Quarterly report pursuant to Section 13 or 15(d)

Nature of Business and Liquidity

v3.23.3
Nature of Business and Liquidity
9 Months Ended
Sep. 30, 2023
Nature of Business and Liquidity [Abstract]  
Nature of Business and Liquidity

Note 1 – Nature of Business and Liquidity

 

Organization

 

Crown Electrokinetics Corp. (the “Company”) was incorporated in the State of Delaware on April 20, 2015. Effective October 6, 2017, the Company’s name was changed to Crown Electrokinetics Corp. from 3D Nanocolor Corp. (“3D Nanocolor”).

 

The Company is commercializing technology for smart or dynamic glass.
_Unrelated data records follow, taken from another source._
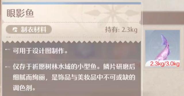 无限暖暖眼影鱼是制衣材料,可用于设计图制作。仅存于祈愿树林水域的小型鱼。鳞片研磨后细腻而绚丽,是饰品与美妆品中不可或缺的调色剂。下面给大家带来了《无限暖暖》眼影鱼钓鱼方法位置,不清楚眼影鱼在哪钓的一起来看看吧!
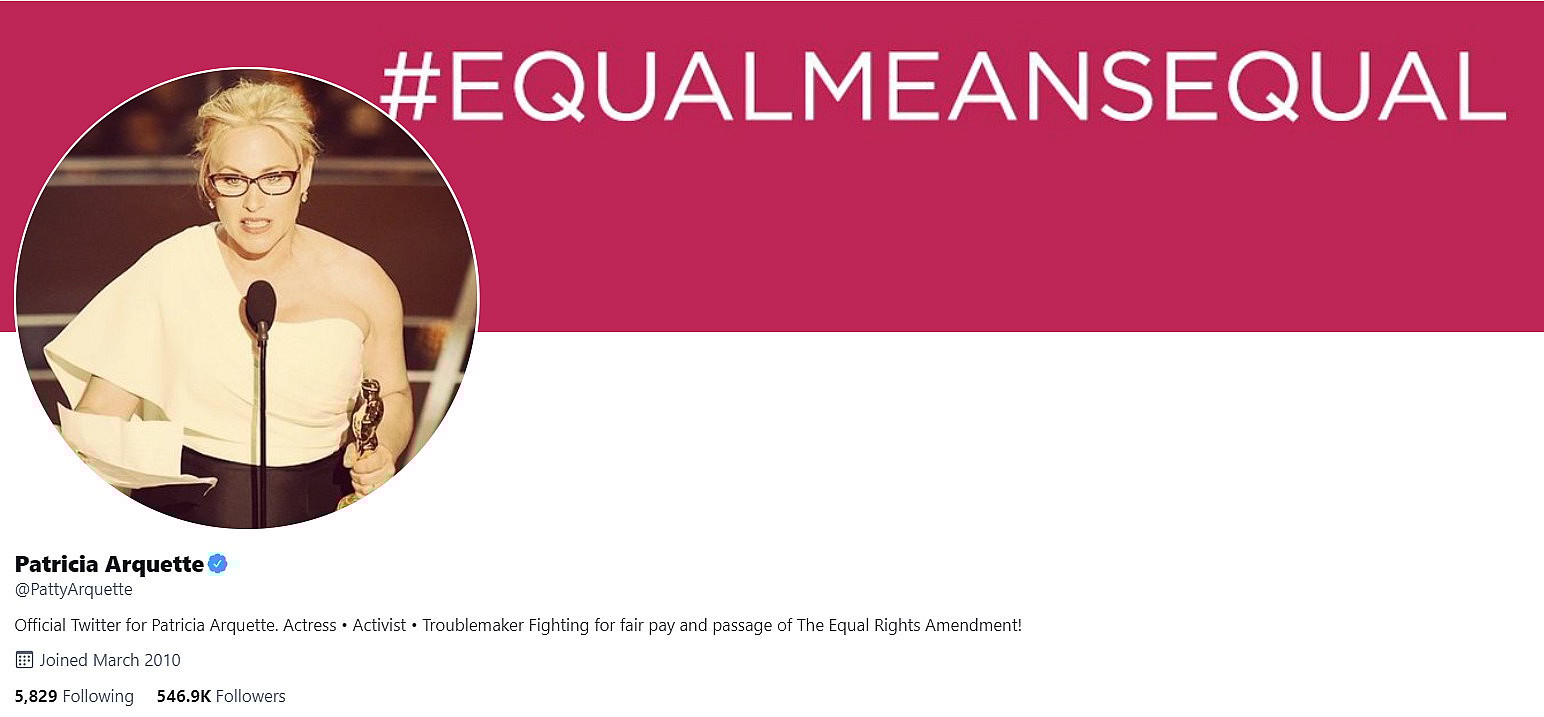 It reads, “Official Twitter for Patricia Arquette Actress • Activist • Troublemaker Fighting for fair pay and passage of The Equal Rights Amendment!”
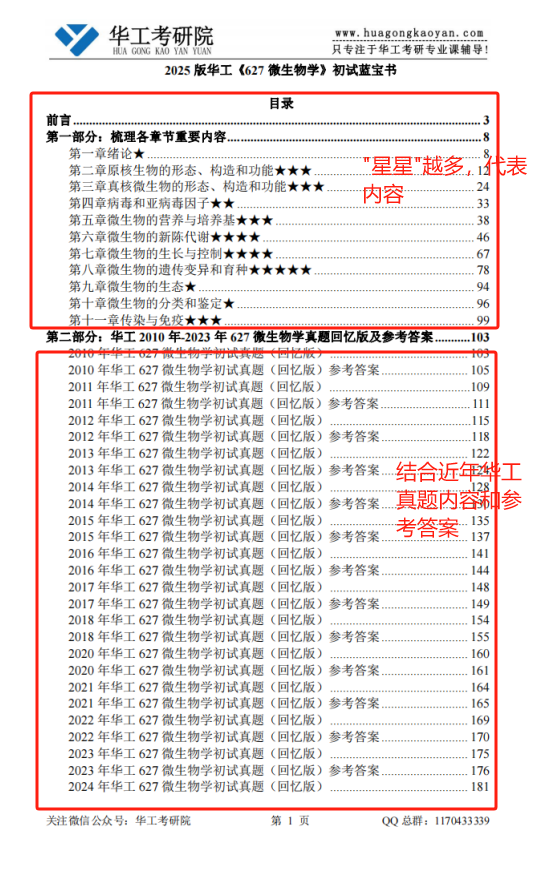 蓝宝书的构成: 第一部分是627微生物的知识点总结。本书吸收了周德庆《微生物学教程》(第四版)、《工业微生物学教程》(第二版)、本人备考的经验和一些华工的资料,删除了非考点,凝练了精华。根据本人复习经验将知识点进行梳理和总结。能够有助于同学们提高学习效率,减少前期浪费在摸索学习方式上的时间。
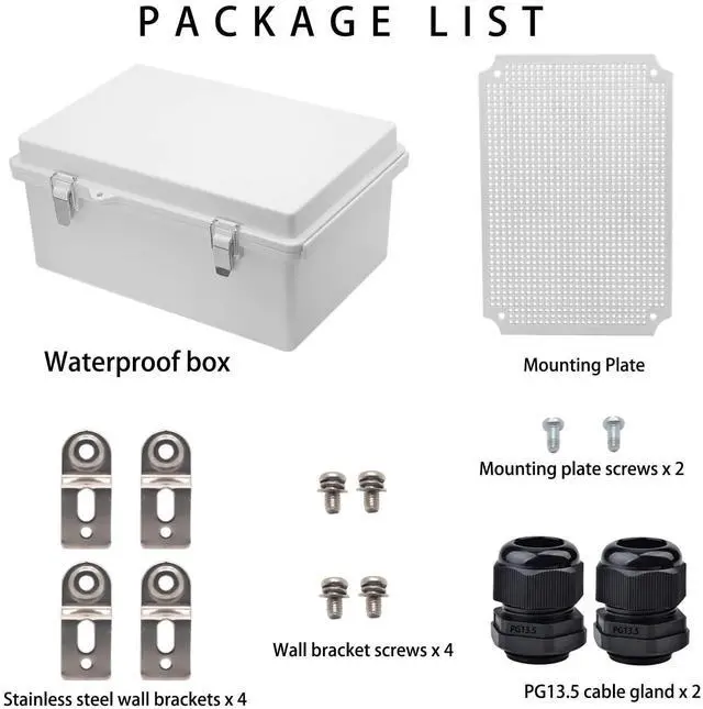PACKAGE - 1 x Weatherproof Junction Box, 1 x Mounting Plate, 2 x Cable Glands, 4 Stainless Steel wall brackets.
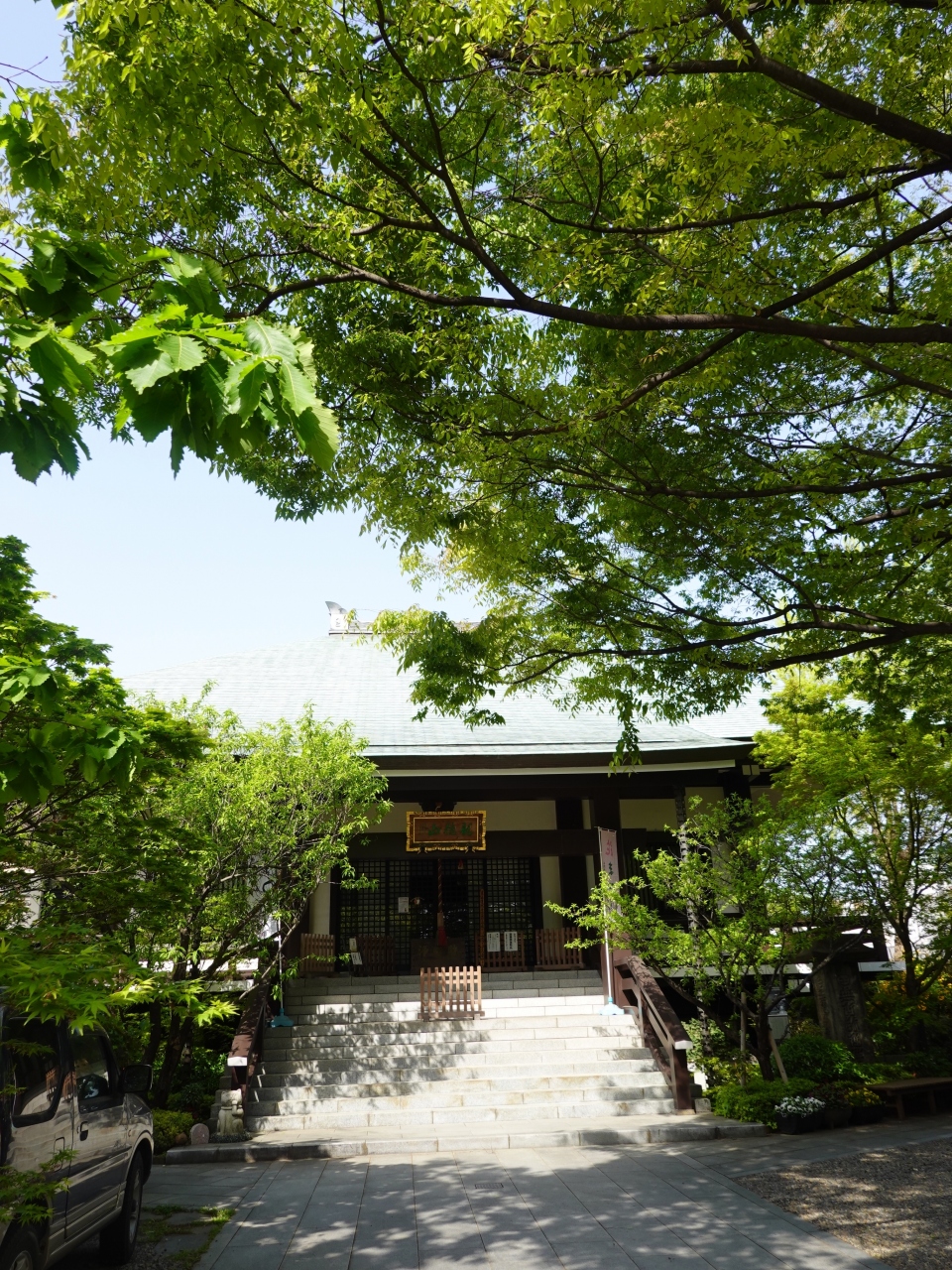 4月、木場の東京都現代美術館から清澄庭園の方へ向かう途中本堂の前の新緑の眩しいお寺が見えてきます。門前には阿茶の局のお墓がある案内の石碑がありました。ご本尊は阿弥陀如来で徳川家公の側室、阿茶局の菩提寺として、1611年阿茶の局自らの発願により開創されたそうです。
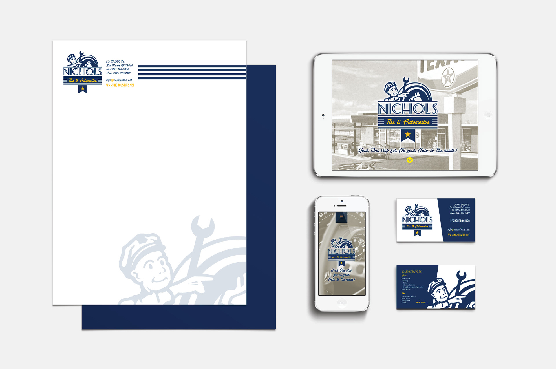 Branding and website for Nichols. The client was very specific he wanted a real vintage look, which reflected service and excelent service. They are located near a University Campus, focusing their marketing efforts on this segment of market, offering special promotions for students.
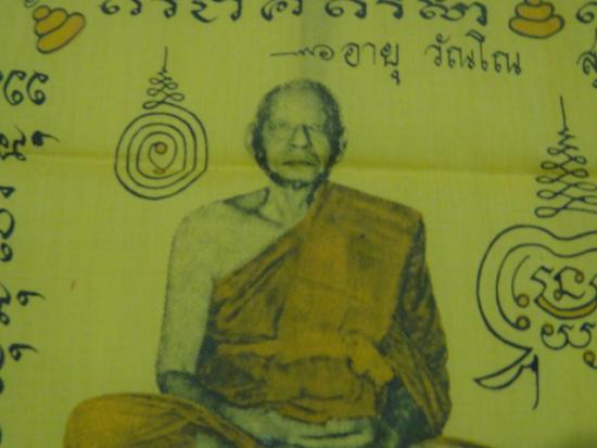 ผ้ายันต์รุ่นนี้หลวงพ่อแช่มท่านเมตตาอธิฐานจิตปลุกเสกให้ในกุฏิของท่าน มีปั้มโค๊ตตรายางข้างองค์หลวงพ่อแช่มด้วย |

The Company’s electrokinetic glass technology is an advancement on microfluidic technology that was originally developed by HP Inc.

 

On December 20, 2022, the Company incorporated Crown Fiber Optics Corp., a Delaware based entity, to own and operate its acquired business from the acquisition of Amerigen 7, LLC (“Amerigen 7”) in January 2023. Crown Fiber Optics Corp. is accounted for as a wholly-owned subsidiary of Crown Electrokinetics, Corp.

 

Initial Public Offering

 

On January 26, 2021, the Company completed its public offering, and its common stock began trading on the Nasdaq Capital Market (“Nasdaq”) under the symbol CRKN.

 

Reverse Stock Split

 

On August 11, 2023, the Company’s board of directors authorized a reverse stock split (‘Reverse Stock Split”) at an exchange ratio of one-for-60 basis. The Reverse Stock Split was effective on August 15, 2023, such that every 60 shares of common stock have been automatically converted into one share of common stock. The Company did not issue fractional certificates for post-reverse split shares in connection with the Reverse Stock Split. Rather, all shares of common stock that were held by a stockholder were aggregated and each stockholder was entitled to receive the number of whole shares resulting from the combination of the shares so aggregated. Any fractions resulting from the Reverse Stock Split computation were rounded up to the next whole share.

 

The number of authorized shares and the par value of the common stock was not adjusted as a result of the Reverse Stock Split. In connection with the Reverse Stock Split, the conversion ratio for the Company’s outstanding convertible preferred stock was proportionately adjusted such that the common stock issuable upon conversion of such preferred stock was decreased in proportion to the Reverse Stock Split. All references to common stock and options to purchase common stock share data, per share data and related information contained in the condensed consolidated financial statements have been adjusted to reflect the effect of the Reverse Stock Split.

 

Liquidity and Going Concern

 

The Company has incurred substantial operating losses since its inception and expects to continue to incur significant operating losses for the foreseeable future and may never become profitable. As reflected in the condensed consolidated financial statements, the Company had an accumulated deficit of approximately $107.7 million and cash of approximately $2.1 million as of September 30, 2023, a net loss of approximately $19.7 million, and approximately $11.8 million of net cash used in operating activities for the nine months ended September 30, 2023.

  

The accompanying condensed consolidated financial statements have been prepared on a going concern basis, which contemplates the realization of assets and satisfaction of liabilities in the normal course of business. The condensed consolidated financial statements do not include any adjustments relating to the recoverability and classification of recorded asset amounts or the amounts and classification of liabilities that might result from the outcome of this uncertainty.

 

The Company has obtained additional capital through the sale of debt or equity financings or other arrangements to fund operations including through its existing at-the-market offering, $10.0 million Standing Letter of Credit (“SLOC”), $100.0 million line of credit, and $50.0 million equity line of credit; however, there can be no assurance that the Company will be able to raise needed capital under acceptable terms, if at all. The sale of additional equity may dilute existing stockholders and newly issued shares may contain senior rights and preferences compared to currently outstanding shares of common stock. Issued debt securities may contain covenants and limit the Company’s ability to pay dividends or make other distributions to stockholders. If the Company is unable to obtain such additional financing, future operations would need to be scaled back or discontinued. Due to the uncertainty in the Company’s ability to raise capital, management believes that there is substantial doubt in the Company’s ability to continue as a going concern for twelve months from the issuance of these condensed consolidated financial statements.